Onu hepimiz tanıyoruz. O içimizden biri. On parmağında on marifet. Öncelikle Yusuf’un eşi, Selin’in  annesi, ama aynı zamanda öğretmen ve hatta tüm öğrencileri için bir abla ya da anne”, Sefarad Araştırmaları Merkezi’nin kuruluşundan beri olmazsa olmaz yöneticisi, Loş Paşaros Sefaradis grubunun neşeli solisti, ömrünü toplumumuzun en önemli kültürel miraslarından biri olan Judeo-Espanyol lisanını maalesef kaybolmaya yüz tutmuşken, bu lisanın yaşamını olabildiğince uzatabilmek için ulaşabileceği tüm belgeleri toparlamaya, kayıt almaya ve yapılması gereken ne varsa gerçekleştirmeye vakfetmiş değerli insan… Törendeki konuşmasında “hayalim” diye tanımladığı işin, gerçekte yaşamının misyonu olduğunu onunla bu konuda her konuştuğunuzda hemen algılıyorsunuz.

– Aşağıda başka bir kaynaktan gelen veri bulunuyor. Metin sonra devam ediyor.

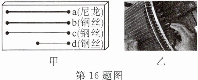 16. 古筝是中国独特的民族乐器之一,已经有2500年的历史了,目前最常用的规格为二十一弦。小红在古筝演奏中发现,拨动不同琴弦发出的音调与弦线的长度、粗细和松紧程度有关。于是她利用弦音计(如图甲)做研究,弦音计上有四根固定在“音箱”上的琴弦,每根弦线的松紧程度都相同,她选用的琴弦长度、粗细、材料在图中已标出。

Kendisini yakından tanıyanlar kadar, nispeten daha az tanıyanların, konserlerinde ya da konferanslarında onu dinleme imkânını elde edenlerin ilk izleniminin “Karen’in ne kadar aydınlık, ışık ve enerji saçan bir insan olduğu” konusunda birleşmesi hiç de şaşırtıcı değil.

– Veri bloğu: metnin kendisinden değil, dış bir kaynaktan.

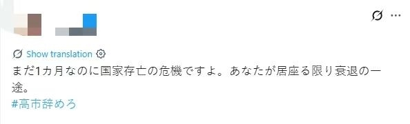 還有網(wǎng)友批評稱,高市上臺僅僅一個月,日本就面臨國家生存危機(jī),如果高市繼續(xù)當(dāng)首相,國家會走向衰落。

Vermek almaktır aslında hayatta… Sevgiyle ve tüm benliğinizle verdiğinizde almayı asla beklemiyorsunuz ve işte asıl o zaman alıyorsunuz karşılığını… Bazen hemen bir küçük teşekkür, bazen süreç içinde yükselen bir başarı grafiği, bazen bir gülümseme, bazen “neden size verildiğini dahi anlamakta güçlük çektiğiniz” bir ödül, bir onur payesi… Fakat sevgiyi verip, sevgiyi almış, daha da önemlisi sevgiyi yaymış oluyorsunuz hepsinin özünde…

Ödülün neden size verildiğini anlamamanız da buradan kaynaklanıyor,  gerçek sevgi paylaşımı ego’nuzu yok etmiş ve siz yaşamın özünde sevgi olduğunun bilincinde, farklı hareket etmenin imkânsızlığının bilincine ermiş bir algılama noktasında yaşamaktasınız o anda.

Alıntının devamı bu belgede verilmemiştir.